In the face of the fascist assault on everything from the Department of Education to the EPA to the Labor Department, Social Security, Medicare, and more, the convention was chock full of speakers pondering how to best fight back against the billionaire class and their henchmen in the Trump administration. With education facing huge cuts, attacks on academic freedom, free speech, and policies that foster inclusion, the weekend was full of both dread and defiance.
If a common theme emerged from across a wide array of speakers, it was, “how do we pull ourselves out of the current collective malaise and fight back effectively but with no illusions?” Amid all the stark talk acknowledging how dangerous the political landscape is for educators, our unions, our profession, and our most vulnerable students, I kept hearing people say that, despite the larger sense of menace, it simply felt good to be together in a common cause.
And that’s what unions offer at their best: an opportunity to be part of something larger than the isolated individual, to find strength and shared identity in an organization that, warts and all, aspires to unite people despite their differences, in common cause for the greater good. This is a quality that is lacking in many of the transitory protest movements in recent years that have seemed to be game-changing only to recede before our eyes. Why?
Parul Sehgal ponders this recent phenomenon in her New York Times Magazine essay, “The Old Idea That Could Give New Life to Progressive Politics”:
“The 21st century has witnessed the biggest protests, and the most popular petitions, in history, yet they have produced comparatively small effects,” Hunt-Hendrix and Taylor have noted. The backlashes to a movement for racial justice have been powerful, but organizations on the left also failed to channel the political energy, hope and grief. Progressive groups that coalesced around trauma turned the trauma inward. Activists proclaimed unity and preached collective action, but they found themselves divided along lines of identity or fracturing over conflicts that bewildered outsiders; coalitions that once seemed secure self-destructed on demands for purity.

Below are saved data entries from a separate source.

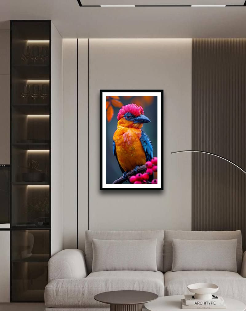 This artwork shows a bright songbird with a hot‑pink crest, fiery orange‑yellow chest, and teal‑blue wings perched on a berry‑laden branch against a soft teal background. The vivid magenta‑orange‑teal palette and autumnal bokeh in the background create a playful yet sophisticated look that works beautifully in kids’ rooms, creative studios, or any modern space that embraces bold colour.
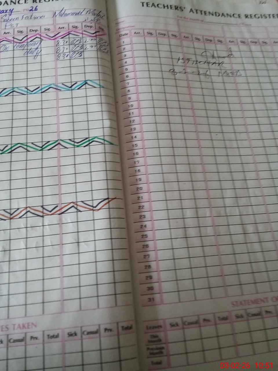 | Leave | Duty | Absent | Maternity | Medical | Ex- Pak |
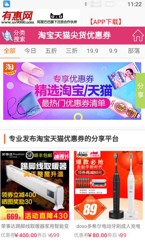天猫五折券app是一个为发布淘宝网、天猫优惠券的服务平台,天猫五折券app每天更新和发布的淘宝天猫商家的活动优惠券超过6000条,有五折优惠券、三折优惠券、19块9包邮、9块9包邮等,商品折扣率绝大部分都超过五折,甚至一折。让您得到更高的打折幅度,那样购物才会变得十分的划算;每日都是有店家在这里发布各种各样购物主题活动信息内容,并且还会继续大批量的发布优惠券,您都能够在服务平台迅速的查询;丰富多彩多样的购物主题活动,肯定能够让用户目不暇接,之后购物就能有着大量的挑选了。
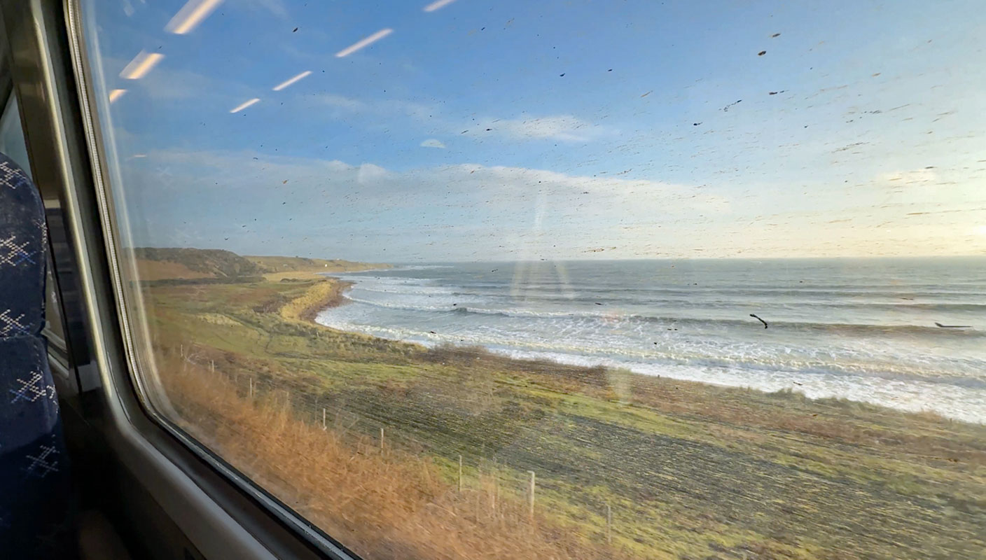 Above left, running alongside the North Sea. Above right, a welcome visit from the refreshment trolley.
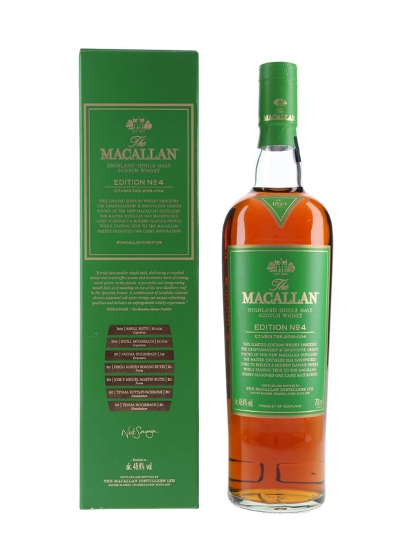 A bottle of The Macallan Edition No.4, a limited edition single malt matured in seven distinct cask types selected by Master Distiller Nick Savage.
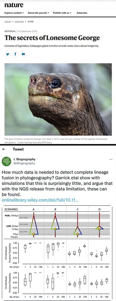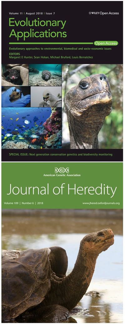 GAUGHRAN SJ, QUINZIN MC, MILLER JM, GARRICK RC, EDWARDS DL, RUSSELLO MA, POULAKAKIS N, CIOFI C, BEHEREGARAY LB, CACCONE A (2018) Theory, practice, and conservation in the age of genomics: the Galápagos giant tortoise as a case study. Evolutionary Applications, 11:1084–1093. [PDF]
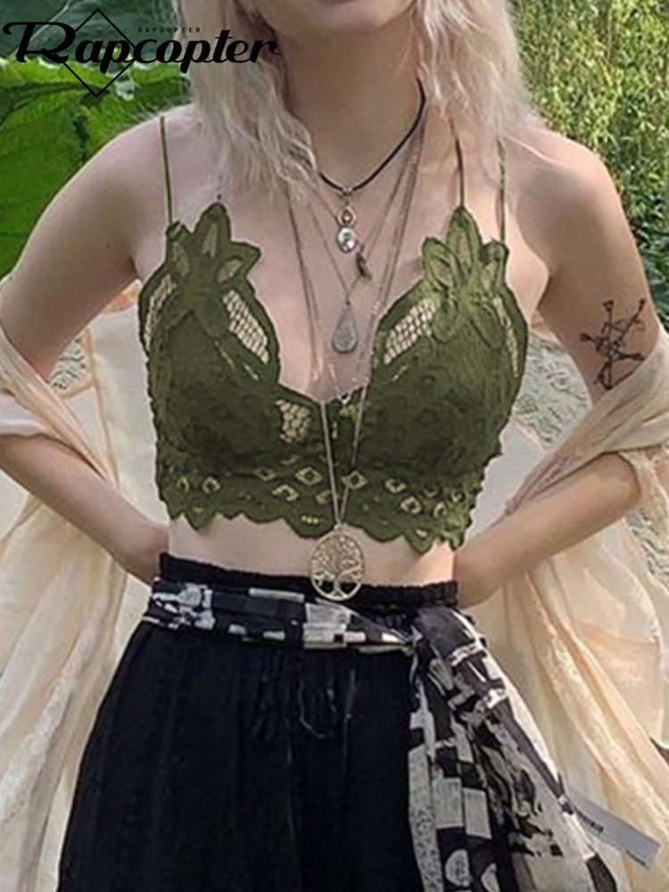 Rapcopter y2k Cute Sweet Crop Top Lace Backless V Neck Mini Vest Vintage Grunge Fairycore Corset Sweats Women Holiday Camis Chic
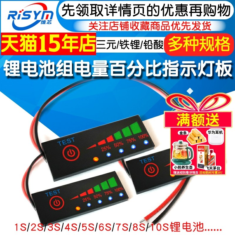 三元/铁锂/铅酸电瓶电量显示器 电量百分比指示灯板 电动车电量表

Here she hits the nail on the head by identifying a very real tendency in progressive circles to replace real organizing with call-out culture that can quickly splinter a coalition or movement, no matter the cause. This kind of movement gatekeeping has put a “Keep Out” sign on far too many social justice causes that stay narrow and lose rather than become more open and tolerant of ambiguity/human contradictions and win. Perhaps the answer lies in a movement that seeks to build bridges rather than walls.

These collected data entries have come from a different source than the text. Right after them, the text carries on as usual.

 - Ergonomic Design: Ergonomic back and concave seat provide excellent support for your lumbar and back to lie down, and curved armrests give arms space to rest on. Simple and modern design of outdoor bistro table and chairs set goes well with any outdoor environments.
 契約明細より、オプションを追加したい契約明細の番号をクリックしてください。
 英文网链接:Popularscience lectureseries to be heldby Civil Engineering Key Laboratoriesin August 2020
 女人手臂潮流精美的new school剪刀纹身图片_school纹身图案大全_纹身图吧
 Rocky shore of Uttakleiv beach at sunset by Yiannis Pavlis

In her review essay of a slew of new books on the idea of solidarity, Sehgal observes of that term that:
“Solidarity,” a word of the old left, is being shaken free of mothballs and tailored to fit the hopes of the moment. Solidarity is the “one idea that can save democracy,” according to the organizers Leah Hunt-Hendrix and Astra Taylor, who call for a solidarity on the left — a “transformative solidarity” — that confers dignity to all, as opposed to the “reactionary solidarity” on the right, based on a politics of exclusion.
And this idea, has deep, ancient roots, but in the American context, its explicit formulation was born in the labor movement in the 19th century with the Knights of Labor’s suggestion that “An injury to one is the concern of all,” which was slightly modified in the early twentieth century by the Industrial Workers of the World into “An injury to one is an injury to all.” In other words, anyone’s plight should always be everyone’s concern. This simple motto expresses the central principle of labor that none of us have real freedom, justice, or equity until all of us do. It’s about the greater good. At the heart of the notion of solidarity is, as with teaching, a profound compassion for others.
Sehgal’s essay dives more deeply into this notion suggesting that:
[S]olidarity not as a philosophical proposition but as a distinctive and delicate form of intimacy. Solidarity — a notion so oddly elastic and enticingly vague — is the art and practice of sharing in another’s struggle, of making common cause. If the nostalgic notion of solidarity conjures workers united in purpose, their voices and placards raised in unison, this new thinking examines the inner mechanisms of solidarity, before it blossoms into communal feeling — the meetings, the awkward conversations, the earnestness, the errors.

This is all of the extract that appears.